Qi Ji, vice minister of Housing and Urban-Rural Development, said on the sidelines of the ongoing annual parliament session that the country will rebuild and renovate 800,000 rural houses this year, which was expected to create 1.5 million jobs.

It was not available at the moment how much the government plans to spend in this program, which was announced at a time when the country's real economy is severely hurt by the financial crisis, resulting in export decline, factories shutdown and job losses.

Premier Wen Jiabao told the the annual session of the National People's Congress (NPC) Thursday that the country will this year "expand the pilot program for renovating dilapidated houses in rural areas."

The pilot program started last year in the southwestern poverty-stricken Guizhou Province. A villager named Liu Yonggao in Zunyi County, Guizhou, told Xinhua that he got a 10,000 yuan (US$1,460) subsidy from the government and the reconstruction cost him 80,000 yuan.

"I also spend 20,000 yuan to buy home appliances including a color TV and a hi-fi system," he said.

Officials from the government of Zunyi City that administers the Zunyi County said every one yuan that the government subsidizes for the rural housing program would drive a 10 yuan investment from farmers.

It also brought about plenty of jobs. In Tongzhi County alone, more than 6,000 people, including 1,000 farmers who returned home after losing jobs in the cities, were working to rebuild or renovate rural houses.

More than 20,000 houses in Guizhou collapsed amid a rare snow and sleet disaster at the beginning of last year and 138,000 others were damaged.
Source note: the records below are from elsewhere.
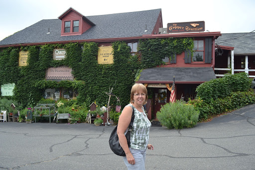 mom, just outside a little shopping plaza.  I loved the ivy on the buildings.  we found a fabric store, and an antique store.
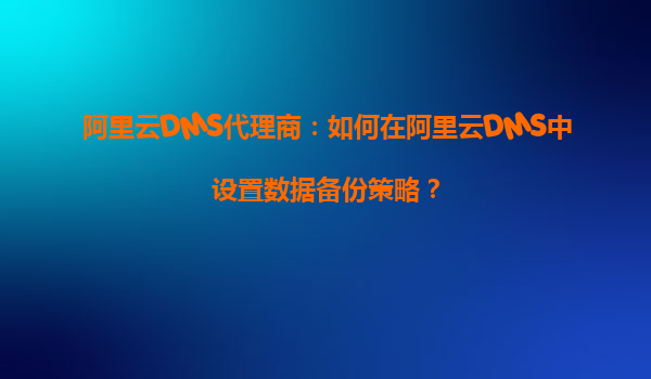 阿里云DMS代理商:如何在阿里云DMS中设置数据备份策略?
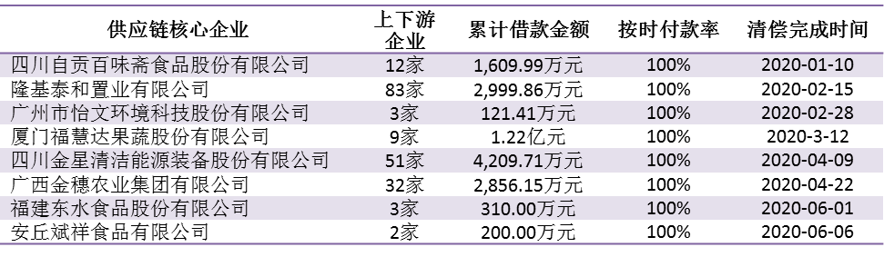 新冠肺炎疫情期间,平台坚持“三降”要求,经平台协商努力已有8家核心企业及其195家供应链上下游企业完成向出借人清偿全部借款,企业按时付款率均为100%,披露如下:
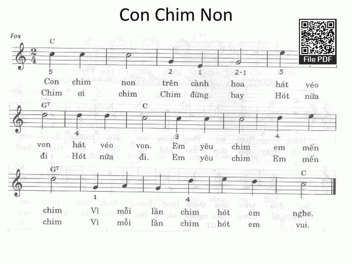 Các sheet PDF tương tự Con Chim Non:
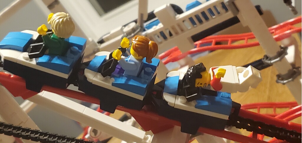My sweetie and I, with help from his son and daughter, built the Lego roller coaster pictured above. It was time consuming, but very rewarding when we finally got to watch it go around the tracks.
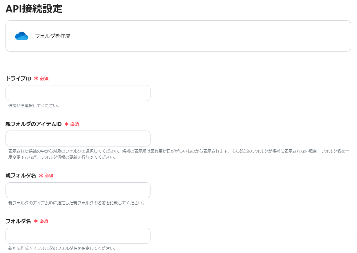 - OneDriveでフォルダを作成するアクションでは、フォルダを作成する先のドライブIDや親フォルダのアイテムID(特定のフォルダ配下に作成する場合)、親フォルダ名を任意で設定してください。

The pilot program started after the government earmarked 260 million yuan and as of the end of the year more than 20,000 rural families have move to their new homes. Another 34,000-strong families in Guizhou are expected to benefit from the program this year.

"Farmers became enthusiastic to rebuilding or renovating their homes after knowing that they would receive money from the government," said Liao Guoxun, a Guizhou-based NPC deputy.
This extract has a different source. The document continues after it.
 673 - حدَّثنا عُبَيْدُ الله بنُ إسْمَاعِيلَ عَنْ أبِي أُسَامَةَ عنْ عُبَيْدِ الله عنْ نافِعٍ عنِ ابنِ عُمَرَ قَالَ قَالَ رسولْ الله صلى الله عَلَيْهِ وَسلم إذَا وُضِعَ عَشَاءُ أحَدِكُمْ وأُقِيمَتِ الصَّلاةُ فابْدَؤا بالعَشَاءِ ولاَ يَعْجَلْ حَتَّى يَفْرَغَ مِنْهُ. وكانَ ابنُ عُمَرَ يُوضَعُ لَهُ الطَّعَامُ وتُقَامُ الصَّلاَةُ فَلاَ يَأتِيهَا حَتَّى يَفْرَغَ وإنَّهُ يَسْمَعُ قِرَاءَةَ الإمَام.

Guizhou Provincial Governor Lin Shusen, also an NPC deputy, said the central and provincial governments would set aside 10 billion yuan for the program this year.

Meanwhile, east China's Shandong Province last month kicked off a program to renovate 800,000 dilapidated houses in the coming five years. It also plans to build 750,000-1,000,000 new houses annually in the countryside in the coming three years.

Shandong Provincial Governor Jiang Daming said 270,000 new houses had been built annually over the past few years, with an average investment of 100,000 yuan for each house built or newly decorated.

Three million new houses would then mean an investment of 300 billion yuan, which would at least create 800,000 jobs, Jiang said.

China's consumer spending against economy size has been declining over the past ten years, experts said.

Premier Wen Jiabao said China is facing "unprecedented difficulties and challenges" as economic growth slows, employment pressure mounts and social uncertainties increase in 2009, the most difficult year since the new millennium.

China's economy cooled to a seven-year low of 9 percent last year, and broke a five-year streak of double-digit expansion, as the global financial crisis took its toll on the world's fastest growing economy.

In addition to a 4-trillion yuan stimulus package that was announced in November, the premier also proposed a budgeted fiscal deficit of 950 billion yuan for 2009, a record high in six decades and nearly three times over the last record of 319.8 billion yuan set in 2003.

Among the 4-trillion yuan stimulus package, 370 billion yuan will be used to improve people's life in rural areas.

When delivering a government work report at the NPC session, Wen said China must boost domestic demand to sustain economic growth. "We need to...make boosting domestic demand a long-term strategic principle and a starting point in stimulating economic growth."